Dollar Rises Most Against Euro Since March on Fed, Jobs Report
The dollar rose the most against the euro since March and reached a two-month high versus the yen as traders bet the Federal Reserve will stop cutting interest rates and the U.S. lost fewer jobs in April than economists forecast.The currency appreciated versus the Swiss franc, the Swedish krona and the South Korean won this week after the Fed cut the target lending rate by a quarter-percentage point on April 30 and said ``substantial'' easing since September would help foster economic growth. The euro weakened as confidence among European executives and consumers fell in April.

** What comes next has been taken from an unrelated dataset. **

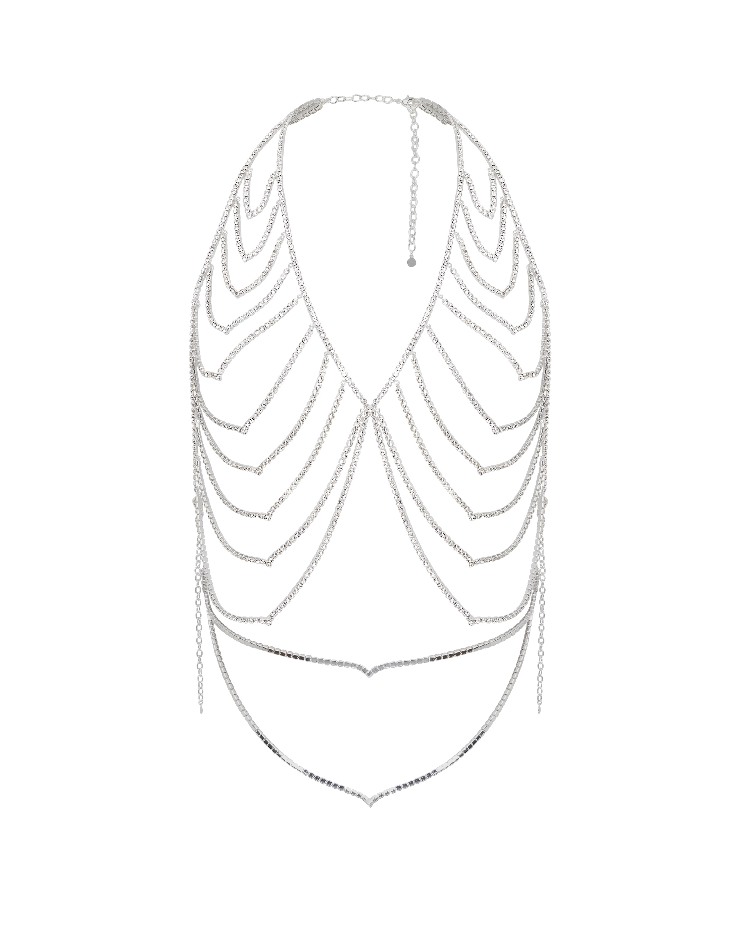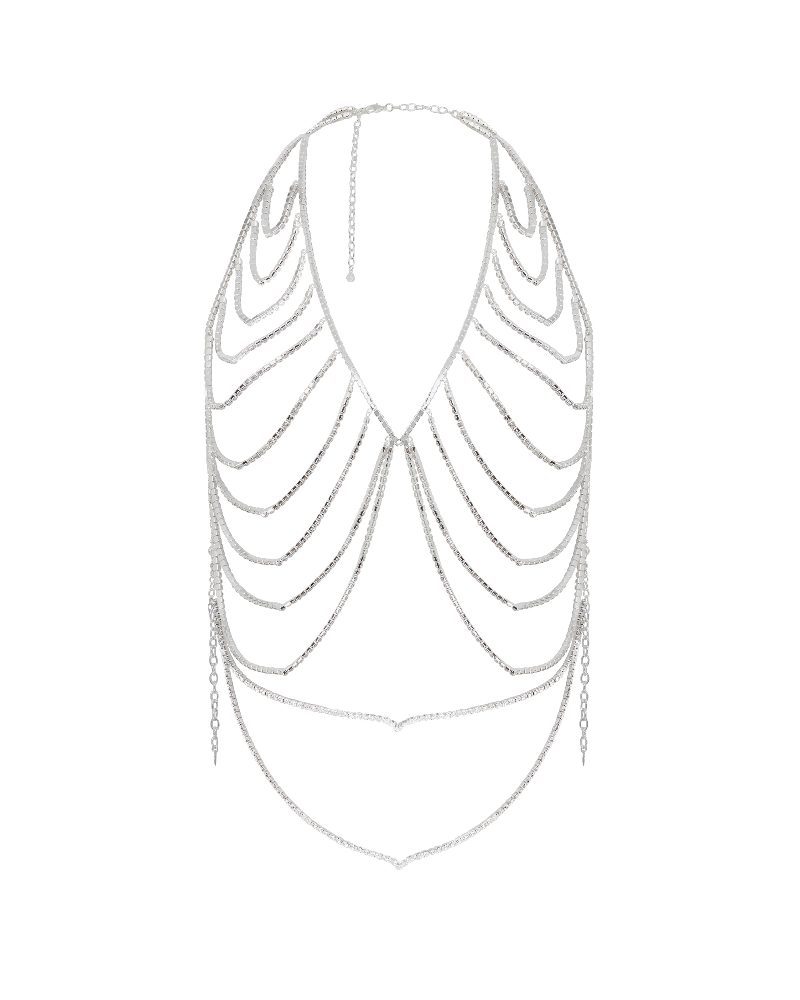 Жилет-цепочка Elliotte с серебристым покрытием и драпировкой цепочками, плавно обтекающими силуэт. Застежки регулируются на шее и по бокам. Носи его с нижним бельем, платьем или на голое тело.

``The tide is beginning to turn for the dollar on two fronts,'' said Jim McCormick, head of global currency strategy at Lehman Brothers Holdings Inc. in an interview on Bloomberg Radio. ``One is that the Fed is becoming less dollar-unfriendly. The other is a clear signal that economies outside the U.S. are starting to slow.''
And the dollar is getting stronger? HAHAHA. The G7 made it very clear, they will make the dollar stronger. Japan just finished a meeting with China and Korea dealing with currency issues. They are all working now in unison to make the dollar stronger...SO THEY CAN ALL EXPORT GOODS TO THE US. This is the ONLY reason the dollar is getting stronger. Anyone in the FX markets who is reading this news service of mine should be warned, this dollar strengthening is going to continue until the staggering export markets get 'stronger' again. Right now, the US enjoyed a slight bump upwards in trade but this will be crushed. Totally. So time to resume the betting that the dollar will strengthen even in the teeth of obvious red ink problems in the US. Our 'alllies' are anxious to keep the US debt growing and growing. They will grow it to infinity just as our rules plan to grow it to infinity.
Then, they will tell the US elderly to go die. It is their fault Social Security, the ONLY US government system that is solvent, is the cause of our collapse. In this week's Fed meeting, not one soul brought up the issue of grotesque military spending. That will be preserved. Why?
Because our trade partners are the beneficiaries of our military spending! We are protecting them! On our dime. Isn't this lovely?